Update: It turns out it could have been much worse. The run of about 15 comment spams that showed up this morning turns out to be the few that made it through out of a total of 357. Over the course of 20 minutes this morning, a network of 126 zombies posted nearly 360 junk comments to this site, and 95% of them were rejected immediately. On one hand, it gives me a bit more faith in the countermeasures, but on the other hand, the scale of the attack is just staggering.

5 thoughts on “Thank you, spammers

  1. Because this post will eventually drop off the front page, here are some handy search trippers for future reference:

    Why can’t I see my comment?
    What happened to my comment?
    Where’s my comment?
    Comment not posted
    Comment rejected
    Comments broken
    Ate my comment
    Site broken

    (Kelson, feel free to delete this if it won’t be of any use.)

  2. Spammers are goddamn annoying I have to admin, referral spammers too.
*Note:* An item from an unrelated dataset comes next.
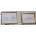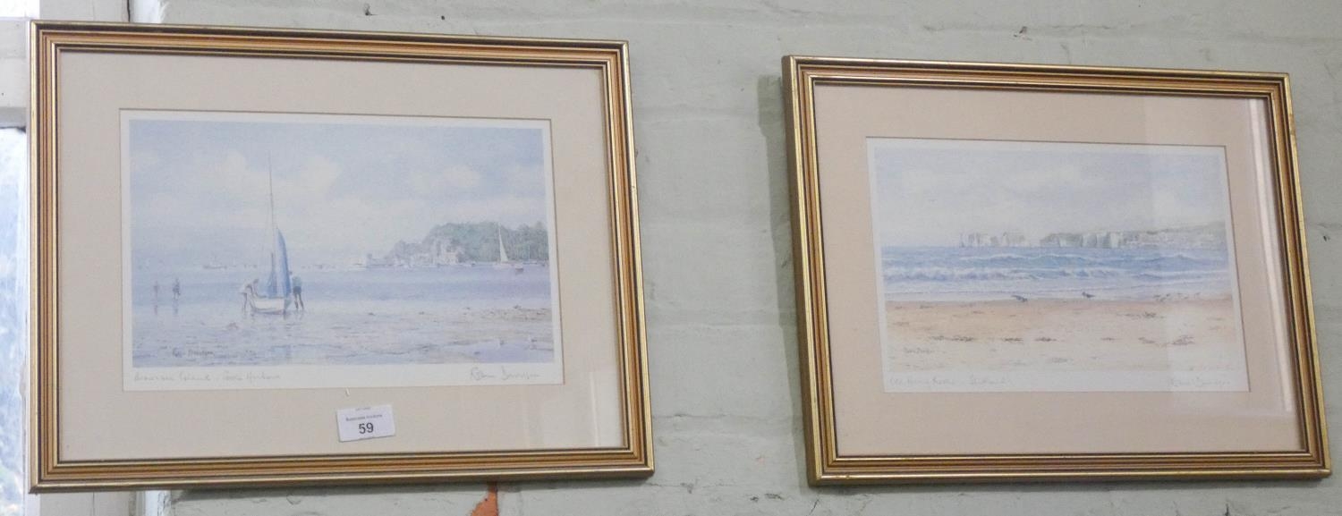 A pair of gilt framed coloured prints: Brownsea Island and Old Harry Rocks by Robin Davidson

    You should get one of those plugins that requires you to type the first word of the post or random letters from a turing image, those are 100% effective.

  3. I’ve thought about it, which shows just how annoying the spam is because I hate those things. It always feels like I’m being asked to show my papers or something, and then of course there are the obstacles to accessibility. I forget where I read it, but someone remarked recently that there is no way to make a Turing test of that sort which will lock out bots without also locking out (or at least making it difficult for) people with disabilities.

    That said, I know some sites have alternate methods, like audio captchas, to handle the accessibility issues, and Spam Karma will use an image test only if its first round of filtering comes out ambiguous.

    It’s just very frustrating trying to keep the crapfloods out while keeping the gateway open for casual comments.

  4. Three rules for the spam game:

    1) you can not win.
    2) you can not draw.
    3) you can not leave the play.


    Antonio, from Malaga (Spain)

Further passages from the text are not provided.